### What is being asked
An exact repeat is needed of the lines from the one with "Photo taken in" through the last line of the data below. Please omit the pictures.

**********

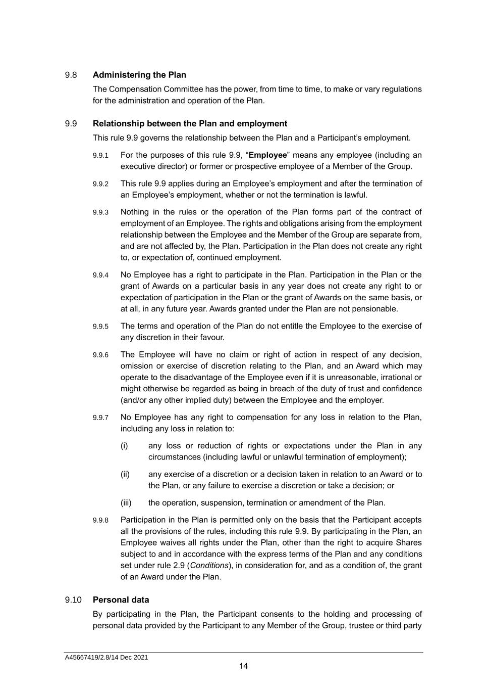 A45667419/2.8/14 Dec 2021 14 9.8 Administering the Plan The Compensation Committee has the power, from time to time, to make or vary regulations for the administration and operation of the Plan. 9.9 Relationship between the Plan and employment This rule 9.9 governs the relationship between the Plan and a Participant’s employment. 9.9.1 For the purposes of this rule 9.9, “Employee” means any employee (including an executive director) or former or prospective employee of a Member of the Group. 9.9.2 This rule 9.9 applies during an Employee’s employment and after the termination of an Employee’s employment, whether or not the termination is lawful. 9.9.3 Nothing in the rules or the operation of the Plan forms part of the contract of employment of an Employee. The rights and obligations arising from the employment relationship between the Employee and the Member of the Group are separate from, and are not affected by, the Plan. Participation in the Plan does not create any right to, or expectation of, continued employment. 9.9.4 No Employee has a right to participate in the Plan. Participation in the Plan or the grant of Awards on a particular basis in any year does not create any right to or expectation of participation in the Plan or the grant of Awards on the same basis, or at all, in any future year. Awards granted under the Plan are not pensionable. 9.9.5 The terms and operation of the Plan do not entitle the Employee to the exercise of any discretion in their favour. 9.9.6 The Employee will have no claim or right of action in respect of any decision, omission or exercise of discretion relating to the Plan, and an Award which may operate to the disadvantage of the Employee even if it is unreasonable, irrational or might otherwise be regarded as being in breach of the duty of trust and confidence (and/or any other implied duty) between the Employee and the employer. 9.9.7 No Employee has any right to compensation for any loss in relation to the Plan, including any loss in relation to: (i) any loss or reduction of rights or expectations under the Plan in any circumstances (including lawful or unlawful termination of employment); (ii) any exercise of a discretion or a decision taken in relation to an Award or to the Plan, or any failure to exercise a discretion or take a decision; or (iii) the operation, suspension, termination or amendment of the Plan. 9.9.8 Participation in the Plan is permitted only on the basis that the Participant accepts all the provisions of the rules, including this rule 9.9. By participating in the Plan, an Employee waives all rights under the Plan, other than the right to acquire Shares subject to and in accordance with the express terms of the Plan and any conditions set under rule 2.9 (Conditions), in consideration for, and as a condition of, the grant of an Award under the Plan. 9.10 Personal data By participating in the Plan, the Participant consents to the holding and processing of personal data provided by the Participant to any Member of the Group, trustee or third party
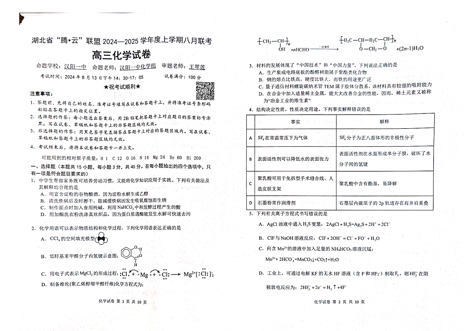 湖北省“腾·云”联盟2025届高三上学期八月联考 化学
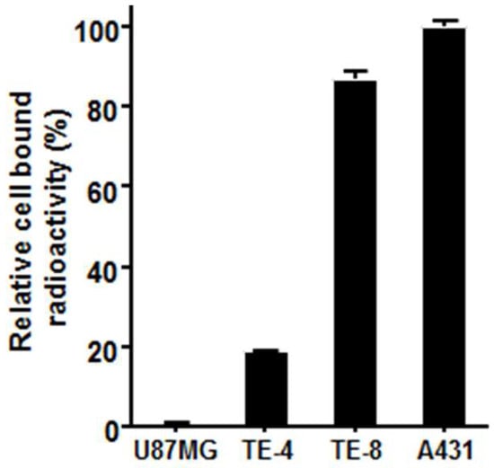Cell binding studies using 64Cu-cetuximab were performed using A431, U87MG, TE-4, and TE-8 cells []. Nonspecific binding was determined in the presence of 100-fold excess of cetuximab. After incubation, the samples were washed twice in cold PSA containing 1% BSA. Each sample was counted in a gamma counter (Wizard 1480; Perkin-Elmer, Waltham, MA, USA). Each cell-bound radioactivity (%) was calculated using (cell-bound radioactivity-nonspecific binding radioactivity)/total radioactivity ×100, and data were expressed as relative cell-bound radioactivity using A431 cell-bound radioactivity as a control.
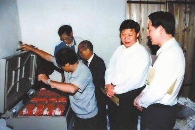 Photo taken in May 1996 shows Xi Jinping, then Deputy Party Secretary of Fujian province, visiting a tea processing factory in Changting County, Fujian province. (Photo source: Fujian Daily)
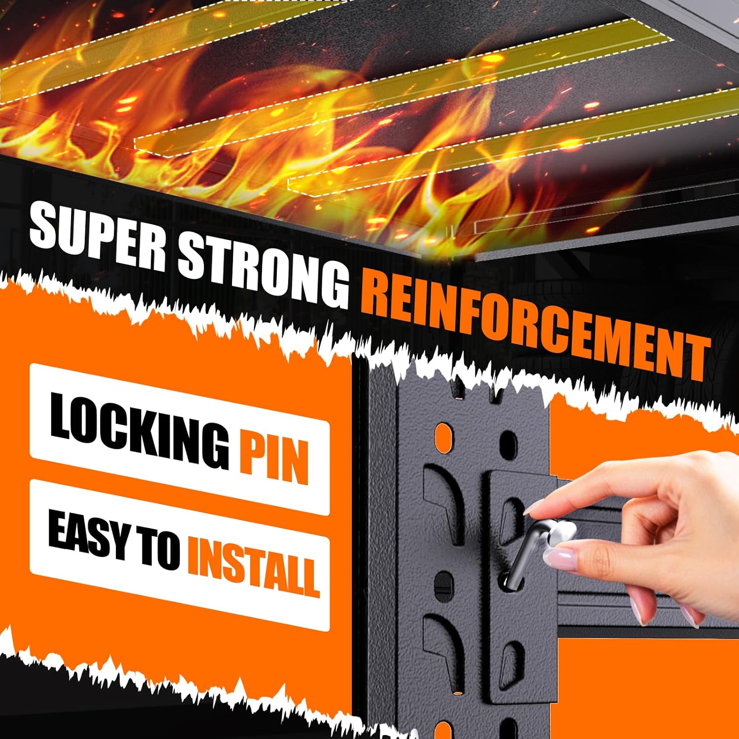- Ultra-Stable Heavy Duty Garage Shelving: This 4-tier all-steel heavy duty shelving features a continuous upright column design with seamless connections, significantly reducing risks from loose joints. Reinforced diagonal braces distribute weight evenly, ensuring rock-solid stability even when bearing loads up to 6,000 lbs. This metal shelving provides the most solid support for your garage storage, giving you complete peace of mind

**********

### Solution
 Photo taken in May 1996 shows Xi Jinping, then Deputy Party Secretary of Fujian province, visiting a tea processing factory in Changting County, Fujian province. (Photo source: Fujian Daily)
- Ultra-Stable Heavy Duty Garage Shelving: This 4-tier all-steel heavy duty shelving features a continuous upright column design with seamless connections, significantly reducing risks from loose joints. Reinforced diagonal braces distribute weight evenly, ensuring rock-solid stability even when bearing loads up to 6,000 lbs. This metal shelving provides the most solid support for your garage storage, giving you complete peace of mind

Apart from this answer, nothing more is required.